Retreat from the heat

201711-INDIANHILLSThe Indian summer retreats of members of the British Raj make ideal holiday destinations for 21st century Europeans.

Retreat from the heat: India’s Hill Stations

One of the many charms of Paul Scott’s novel "Staying On” and its compelling dramatisation for television with Trevor Howard and Celia Johnson, was its backdrop of an Indian hill station as their choice of place to retire. Of course, the couple has lived through the last days of British India, but their refusal to leave sums up many people’s love affair with the country. More recently, the Channel 4 series, “Indian Summers”, set in Shimla, a hill station in the foothills of the Himalayas, showed the extraordinary lifestyle of the British living there in the 1930s. India’s hill stations are holiday destinations that offer an incredible wealth of different landscapes and cultures as they are spread around a variety of Indian regions, from the Himalayas in the north to Kerala in the south.

Hill Station History

During the British Raj, the officers, officials and their families were desperate to escape the summer heat of the plains. So they looked to the Himalayas in the north and the Nilgiri Hills in the south, and created hill stations that were versions of England. These hill stations are usually at altitudes of 1,000 to 2,500 metres (3,500 to 7.,500 feet) above sea level, and many of them also provided excellent sanatorium facilities because of their clean air. These hill stations remain popular holiday destinations, but some Westerners are looking at them as retirement resorts. There are plenty to choose from: you just need to decide whether you prefer the lush, tropical south, or the mountainous north where every view is of the majestic Himalayas.
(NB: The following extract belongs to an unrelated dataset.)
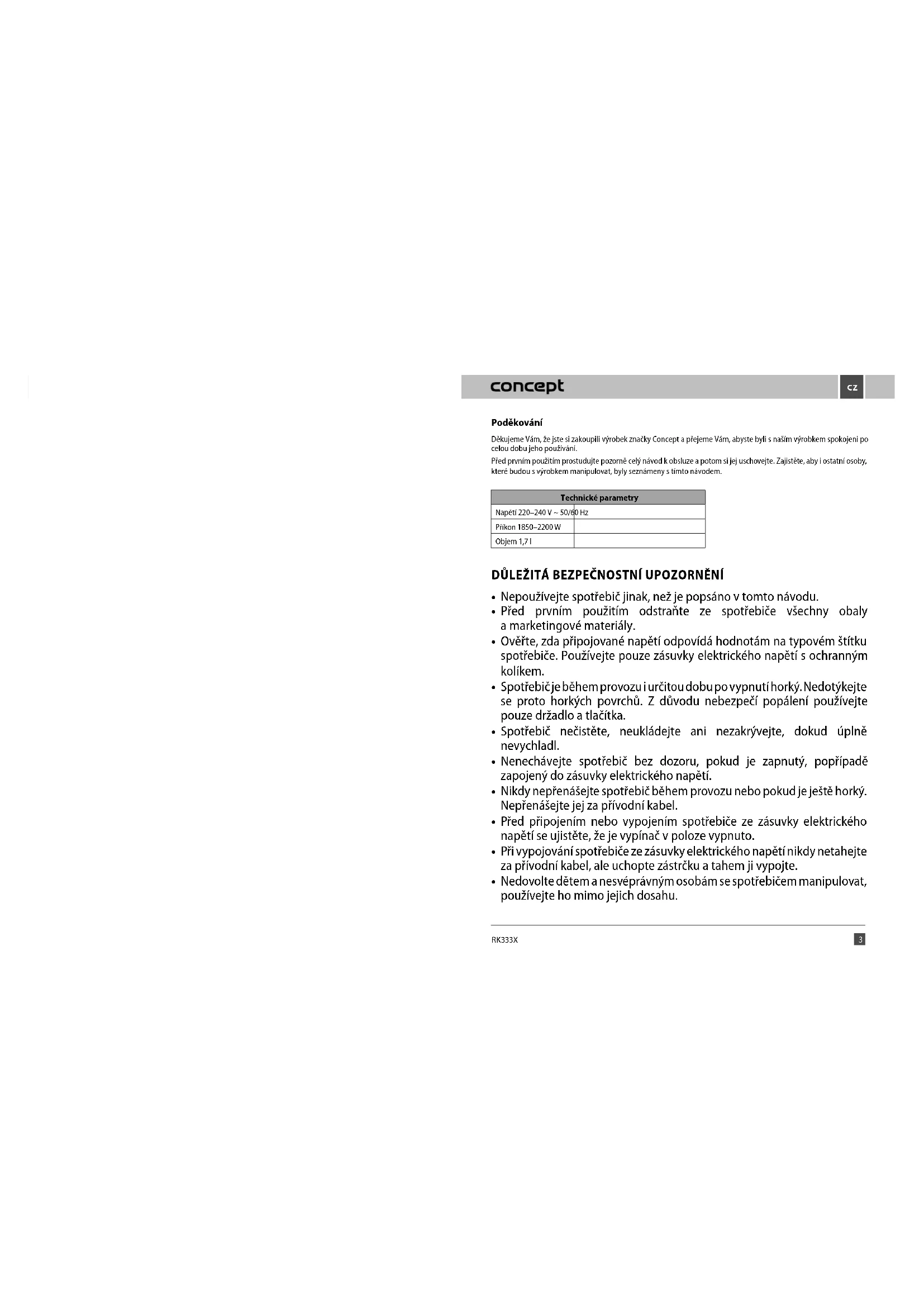 Poděkování Děkujeme Vám, že jste si zakoupili výrobek značky Concept a přejeme Vám, abyste byli s naším výrobkem spokojeni po celou dobu jeho používání. Před prvním použitím prostudujte pozorně celý návod k obsluze a potom si jej uschovejte. Zajistěte, aby i ostatní osoby, které budou s výrobkem manipulovat, byly seznámeny s tímto návodem. Technické parametry Napětí 220–240 V ~ 50/60 Hz Příkon 1850–2200 W Objem 1,7 l DŮLEŽITÁ BEZPEČNOSTNÍ UPOZORNĚNÍ

The state of Uttarakhand has been compared to Switzerland; it is also called “The Land of the Gods” and is a centre of pilgrimage and there are numerous Hindu Temples. Bordered by the snow-peaked Himalayas, you can see why it has an Alpine feel. This increasingly prosperous state is largely agricultural and towns are surrounded by basmati rice fields and orchards of apples, oranges, pears and peaches. With its mountain landscapes and green pastures, it’s no wonder that it is home to several of India’s most famously scenic hill stations.
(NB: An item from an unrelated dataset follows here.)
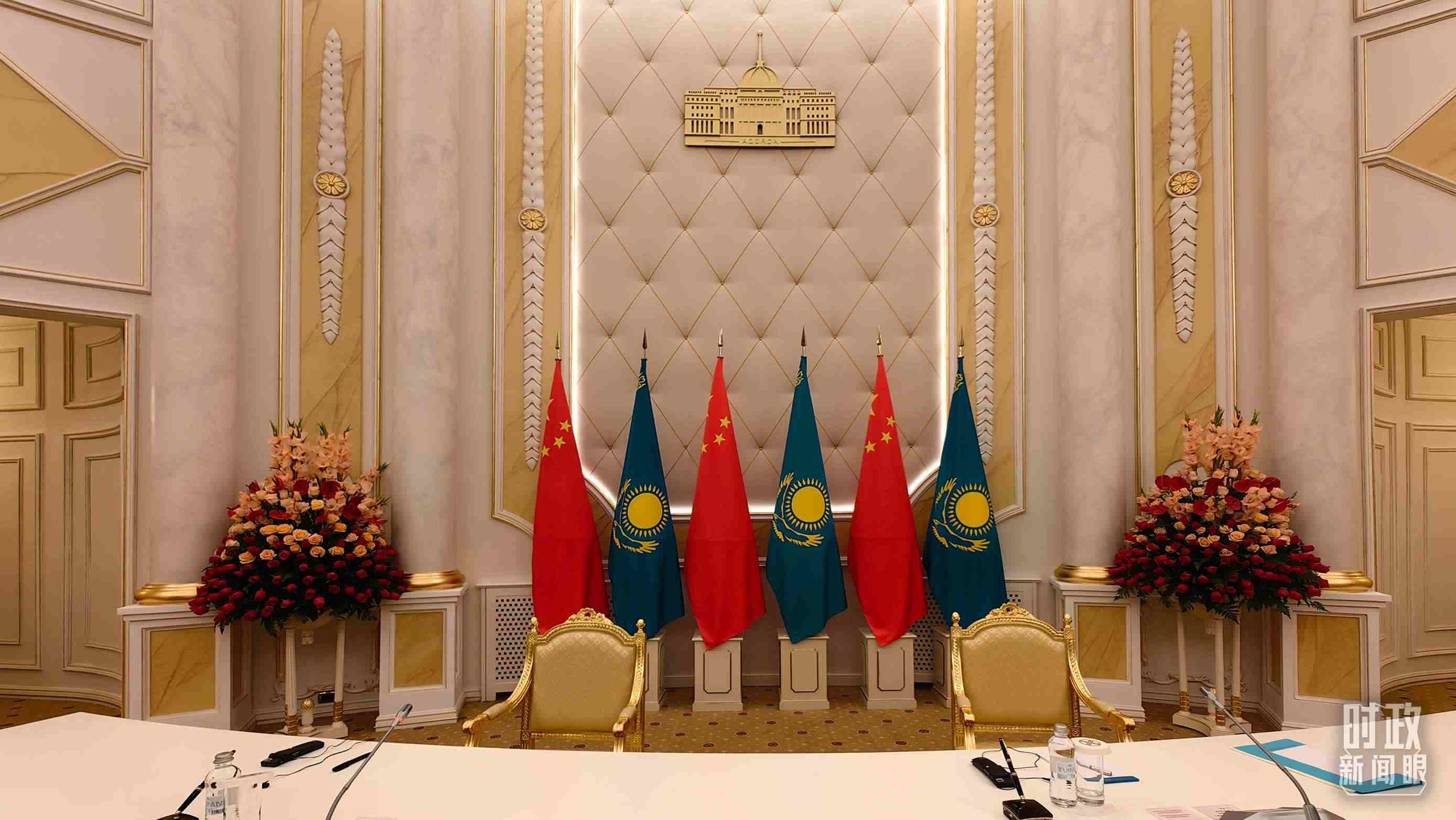 △中哈元首小范圍會(huì)談開始前的現(xiàn)場(chǎng)。(總臺(tái)央視記者劉岳拍攝)

The sacred river Ganges flows through Rishikesh, which is also known as “The World Capital of Yoga” and it was here that The Beatles met the Maharishi. The rather lovely, luxury Ananda-in-the-Himalayas spa and retreat is the perfect destination for a special treat holiday. The British thought of Mussoorie as a ‘fairyland town’ and it is considered one of the most beautiful hill stations. Nainital, which is built around a pear-shaped lake, was a popular health resort with British Raj soldiers and officials, and now it is popular with contemporary British visitors.

Himachal Pradesh

Dalhousie, in the northern state of Himachal Pradesh that is renowned for its beauty, is named after Lord Dalhousie, a one-time British Governor-General in India. The summer retreat is built on five hills and renowned for its healing waters. The town is noted for its Scottish and Victorian architecture, plus its mesmerising scenery. The city of Shimla is another famously British retreat, and in 1864 it was declared ‘the summer capital of British India’. It is also called “Queen of the Hills” and you can ski on the slopes around Shimla, which is not an activity you normally associate with India.

The Nilgiri Mountains

The Nilgiri Mountains, also called ‘The Blue Mountains, cross the states of Tamil Nadu, Karnataka and Kerala states in southern India. They are part of the extensive Western Ghats range that forms the Deccan plateau. The area is famed for several hill stations, which are distinctly different to those in the north; you are unlikely to see much snow here.

Ootacamund, or Ooty, was a favourite with the British officials based in Madras. Its mountains, lakes, flower-filled fields and an almost constant, comfortable temperature all year round, make it an attractive resort to relax in. Thekkady in ‘God’s Own Country’ of Kerala, is India’s largest wildlife sanctuary. Hill station package holidays are one way to explore this beautiful area with its coastal and inland waters as well as its excellent spas that specialise in Ayurvedic treatments.

Maharashtra in the Middle

Mumbai is the capital of the state of Maharashtra and although it is the most densely populated state in India, it has some stunning hill stations. The visitor driving from Mumbai to Pune, which is an experience worth the hire of an experienced local driver, will pass through Lonavla and Khandala. These two towns are only three kilometres apart in the Western Ghats, and there are times when visitors standing on the terrace of Dukes Retreat may find that they are standing above the clouds. Lonavla is conveniently located for transport and it is one of the prime locations for a luxury retirement resort that is rather better equipped than the Best Exotic Marigold Hotel in its popular films that have done so much to make India an even more popular place to visit for an exotic holiday.

With so many different hill station locations to choose from, each with a unique and fascinating history, the traveller is spoilt for choice. Once you have visited a hill station and stood above the clouds, you will understand why they were so loved by the British.